-------- Records provided

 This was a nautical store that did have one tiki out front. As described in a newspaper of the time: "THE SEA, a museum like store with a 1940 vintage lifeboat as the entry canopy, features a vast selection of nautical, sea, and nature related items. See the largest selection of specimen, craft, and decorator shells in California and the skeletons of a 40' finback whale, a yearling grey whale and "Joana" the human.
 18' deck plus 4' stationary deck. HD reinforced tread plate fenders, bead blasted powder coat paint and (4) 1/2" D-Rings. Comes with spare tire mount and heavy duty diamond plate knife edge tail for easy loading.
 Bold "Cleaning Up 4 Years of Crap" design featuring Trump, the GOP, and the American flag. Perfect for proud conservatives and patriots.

----------------
-------- Records provided

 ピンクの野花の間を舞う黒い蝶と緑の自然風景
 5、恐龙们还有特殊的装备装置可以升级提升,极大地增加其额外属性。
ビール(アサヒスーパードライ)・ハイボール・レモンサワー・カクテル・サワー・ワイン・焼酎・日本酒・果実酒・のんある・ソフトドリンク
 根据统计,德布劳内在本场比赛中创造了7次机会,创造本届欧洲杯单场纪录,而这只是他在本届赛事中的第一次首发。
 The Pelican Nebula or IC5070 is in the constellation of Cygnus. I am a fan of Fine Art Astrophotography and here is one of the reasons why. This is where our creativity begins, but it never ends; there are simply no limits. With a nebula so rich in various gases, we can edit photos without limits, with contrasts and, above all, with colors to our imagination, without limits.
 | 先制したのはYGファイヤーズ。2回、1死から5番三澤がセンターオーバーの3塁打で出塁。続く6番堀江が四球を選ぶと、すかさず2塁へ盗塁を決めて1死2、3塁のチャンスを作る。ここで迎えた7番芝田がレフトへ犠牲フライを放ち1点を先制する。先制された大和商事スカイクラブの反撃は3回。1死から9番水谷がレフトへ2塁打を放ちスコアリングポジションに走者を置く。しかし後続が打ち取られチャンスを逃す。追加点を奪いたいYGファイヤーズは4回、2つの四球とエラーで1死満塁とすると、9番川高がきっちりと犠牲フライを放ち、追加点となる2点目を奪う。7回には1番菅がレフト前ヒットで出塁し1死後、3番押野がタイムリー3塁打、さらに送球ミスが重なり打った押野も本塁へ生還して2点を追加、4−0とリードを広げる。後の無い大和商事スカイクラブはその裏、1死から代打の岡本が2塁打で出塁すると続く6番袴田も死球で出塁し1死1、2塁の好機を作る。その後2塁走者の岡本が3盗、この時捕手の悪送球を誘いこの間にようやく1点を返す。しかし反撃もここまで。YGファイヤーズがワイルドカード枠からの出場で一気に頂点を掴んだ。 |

----------------

### Exercise
Look above for the line containing "5、恐龙们还有特殊的装备装置可以升级提升,极大地增加其额外属性。" and the line containing "根据统计,德布劳内在本场比赛". Transcribe both, with the lines between them, exactly.

### Response
 5、恐龙们还有特殊的装备装置可以升级提升,极大地增加其额外属性。
ビール(アサヒスーパードライ)・ハイボール・レモンサワー・カクテル・サワー・ワイン・焼酎・日本酒・果実酒・のんある・ソフトドリンク
 根据统计,德布劳内在本场比赛中创造了7次机会,创造本届欧洲杯单场纪录,而这只是他在本届赛事中的第一次首发。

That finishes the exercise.